Page:Revue des Deux Mondes - 1909 - tome 53.djvu/224

Le texte de cette page a été corrigé et est conforme au fac-similé.

deux morceaux de bois, le joueur de violon. Ce geste décida de son avenir. Un cousin, magister, — et Kapellmeister, aussi — d’un prochain village, emmena le gamin et lui donna les premières leçons. Peu après, un passant l’entendit et l’emmena encore. Plus loin cette fois, car le passant était un certain Reuter, maître de chapelle de la cathédrale de Vienne. Quelques années de cette maîtrise même n’apprirent guère autre chose à l’enfant de chœur que la pratique du répertoire. Reuter ne remarqua rien en lui. Quand vint l’âge de la mue, il quitta Saint-Etienne. Il en emportait peu de savoir, moins d’argent encore, mais beaucoup de courage et de gaîté. Un brave homme de chantre le recueillit. Alors commença pour Haydn une libre et vagabonde carrière. Hâtons-nous d’ajouter que, pour n’être pas sans aventure, sans péril même, elle fut du moins sans reproche. Assuré de trouver chez son hôte, un pauvre diable aussi, le gîte, sinon le souper tous les soirs, il se mit, écrit son biographe, « à regarder autour de lui vivre la grande ville. » Elle vivait alors en musique et c’est ainsi, lui-même, qu’il vécut.
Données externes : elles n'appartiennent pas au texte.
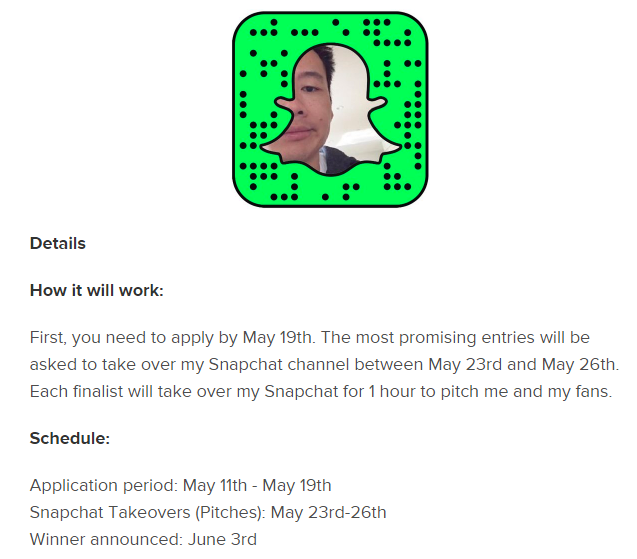 然而,Kan并没有知难而退,而是继续着他的创投之路,此次在Snapchat上发起活动就是有力的证明。只不过,他用了更公平、公开的方式,让创业者获得更多的机会。
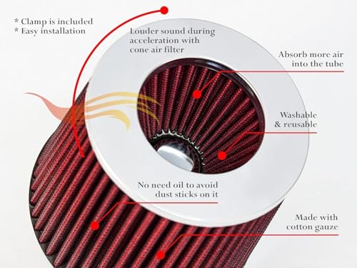 Generic - KaberEgypt 2020 Universal Replacement Engine Air Intake Filter, Conical Design, 3 Inch Diameter, Red, Universal Fit, 30x20x10 cm
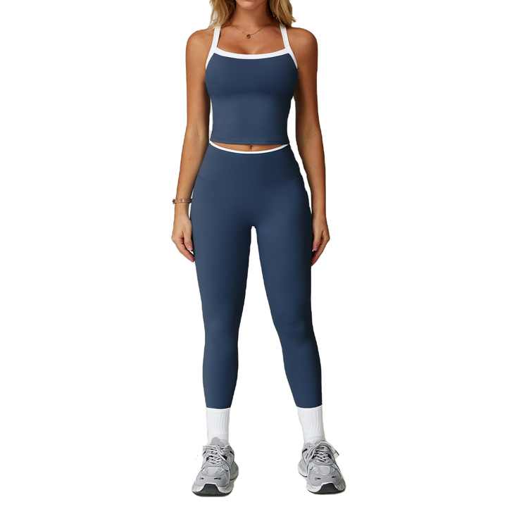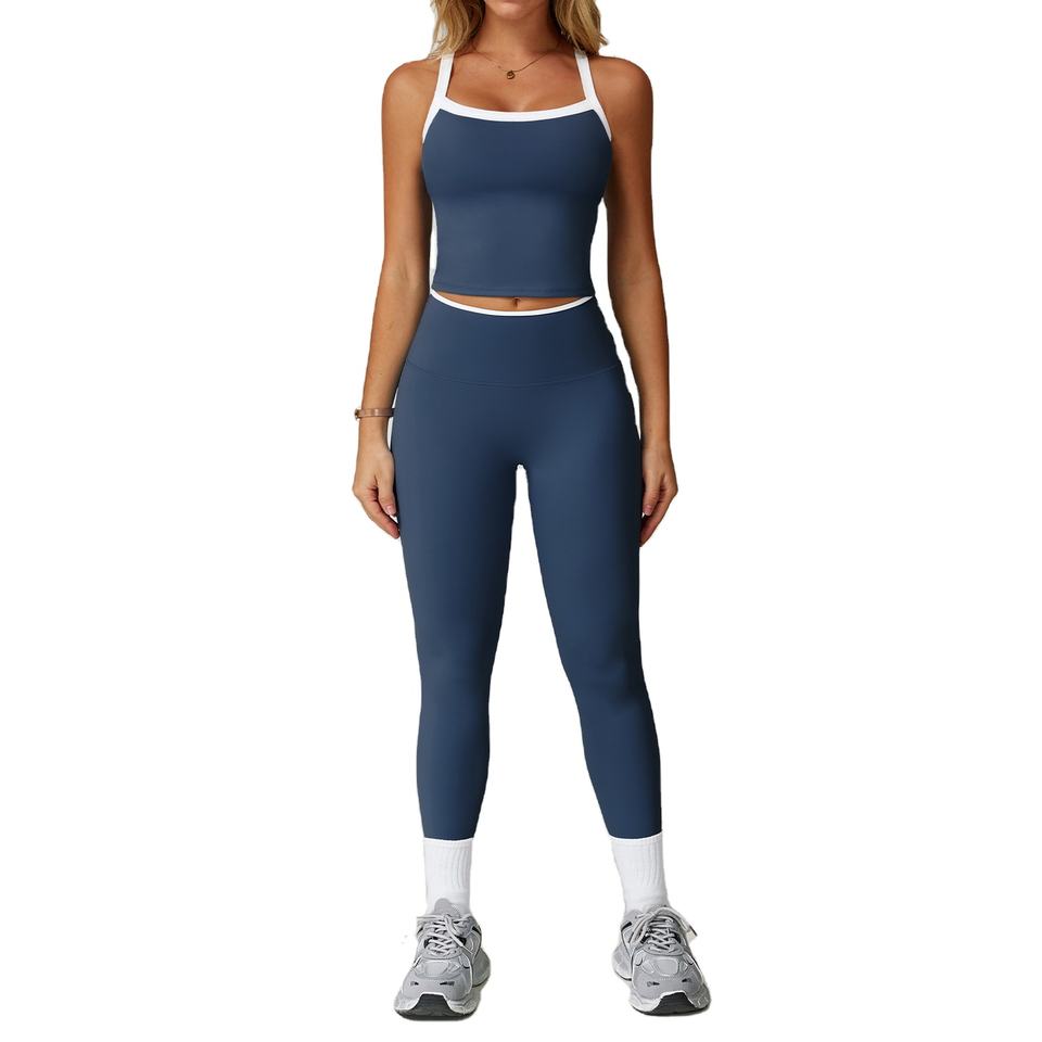 Summer Naked-Feel Yoga Set Contrasting Colors Cross-Back Design Short Tight-Fitting Breathable Quick Dry Yoga Clothes Women
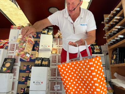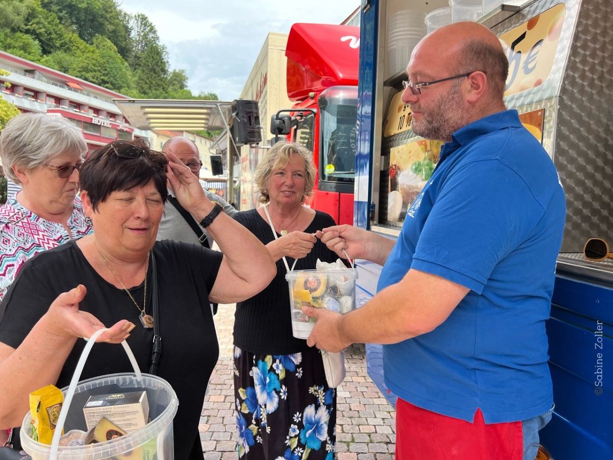 „Fisch ist bei diesen Temperaturen der ideale Snack“, weiß Veranstalter Achim Borgschulze zu berichten, der mit den Marktschreiern nach Bad Herrenalb gekommen ist, um den Schwarzwäldern mal was anderes zu bieten. Und tatsächlich ist das Interesse riesengroß. Ob Schokolade, Nudeln, Wurst, Käse oder Fisch, die Taschen der Besucher füllen sich mit vielfältigen Leckereien. „Ich bringe die große Ladung Käse meinen Nachbarn mit“, so eine Frau, die zudem am Nudelstand die große Auswahl bewundert.
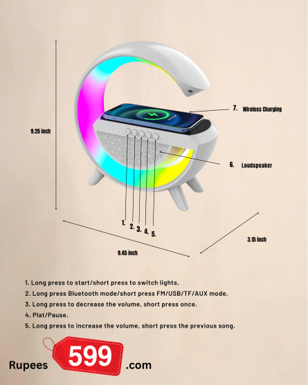 • Multi-Functional: Combines lamp, speaker, and wireless charger.
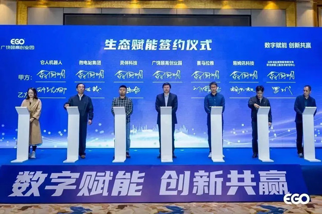 活動現(xiàn)場,為擴大交流、加強合作,促進多方互惠共贏、共謀發(fā)展,舉行了生態(tài)合作賦能簽約儀式。杭州靈伴科技有限公司(Rokid)商務(wù)總監(jiān)張忠龍,杭州易姆訊科技有限公司副總經(jīng)理胡乃權(quán),微電站集團總經(jīng)理姜在茂,山東省鹽堿地植物微生物聯(lián)合修復(fù)工程技術(shù)研究中心高級合伙人羅成,杭州它人機器人技術(shù)有限公司市場總監(jiān)鐘杰娜等多家數(shù)字經(jīng)濟企業(yè)代表與頤高產(chǎn)城科技副總裁翁國明共同簽約,加速廣饒產(chǎn)業(yè)生態(tài)發(fā)展,賦能本地企業(yè)。為建設(shè)資源共享、發(fā)展共促的良好格局提供有力支持保障。
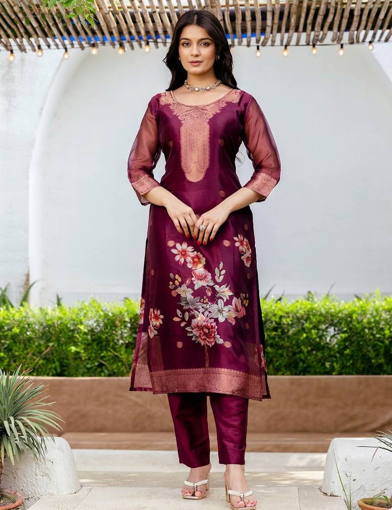 Women's beautiful jacquard printed work organza viscose fabric straight kurta pant and dupatta set
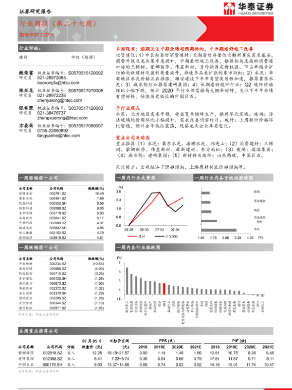 【华泰证券】【20190707】建材行业周报(第二十七周)-10页
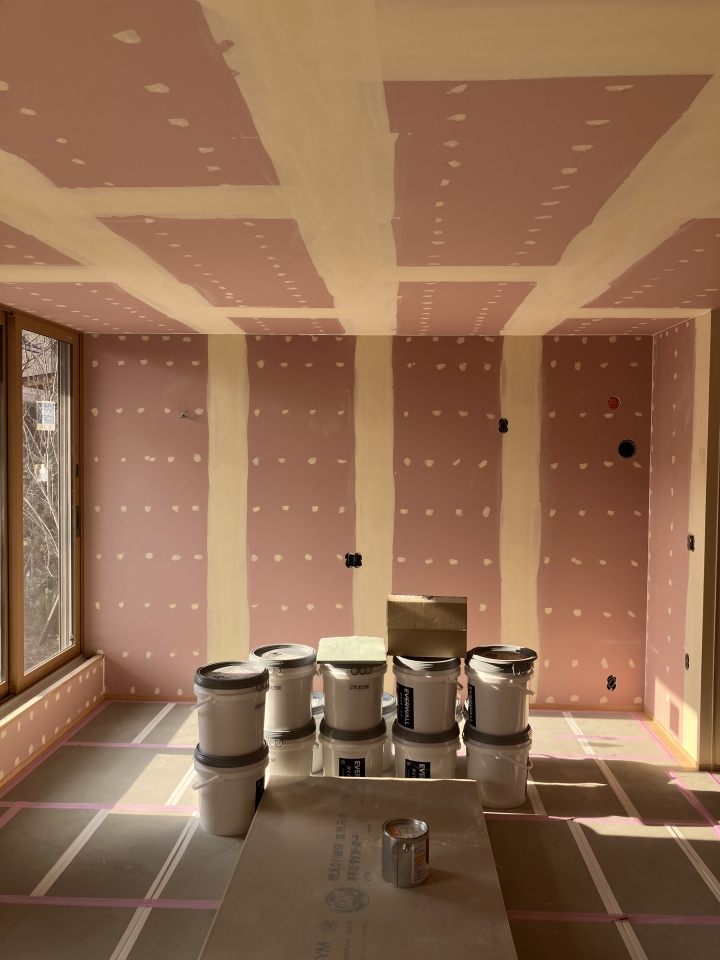 1階部分はというと、天井は吹付ではなく鏝仕上げとなるので今後使用する材料が今か今かと出番待ちです。
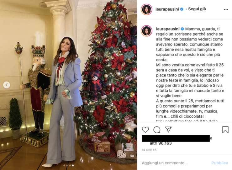 Questa, la prima frase del suddetto post in cui Laura si mostra bella e raggiante come sempre, con alle spalle un meraviglioso albero di Natale.
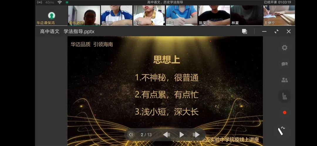 教无定法,贵在得法。华东师范大学澄迈实验中学将继续砥砺前行,在教学之路上初心不改,努力探索研究线上教学的最佳途径,顺应互联网+教育时代,助力学生的成绩提升和学生个人素质的成长!
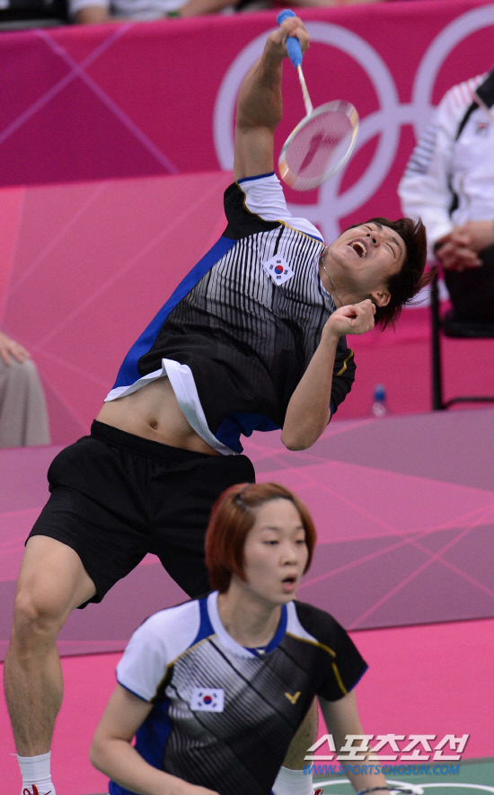 배드민턴 혼합복식에 하정은과 같이 출전한 이용대가 30일(현지시간) 웸블리 아레나에서 열린 덴마크와의 경기에서 강력한 스매싱 공격을 하고 있다.
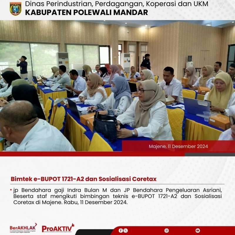 i, Beserta staf mengikuti bimbingan teknis e-BUPOT 1721-A2 dan Sosialisasi Coretax di Majene. Rabu, 11 Desember 2024.
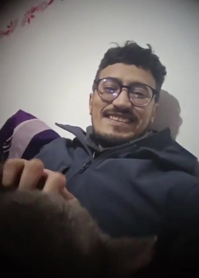 A man with glasses and a mustache is lying down and holding a gray cat. The cat is close to the camera, and the man is smiling and talking. The video is taken from a low angle, looking up at them. The background is a white wall with red and white floral decorations. The video has a dark vignette effect.

En musique, et de la musique aussi, fût-ce la plus modeste : celle du théâtre jamais, quelquefois celle des salons, voire des salles à manger, — on aimait alors la « musique de table, » — mais le plus souvent celle des rues. « Se joindre à de petits orchestres de sérénades et battre avec eux chaque soir le pavé de la ville, un violon à l’épaule, était un métier suffisant pour nourrir à peu près son homme. Haydn en vécut l’été, à la manière des cigales, et, l’hiver, il servit par son jeu et par la composition de menuets, le répertoire des « redoutes » et des « tavernes. »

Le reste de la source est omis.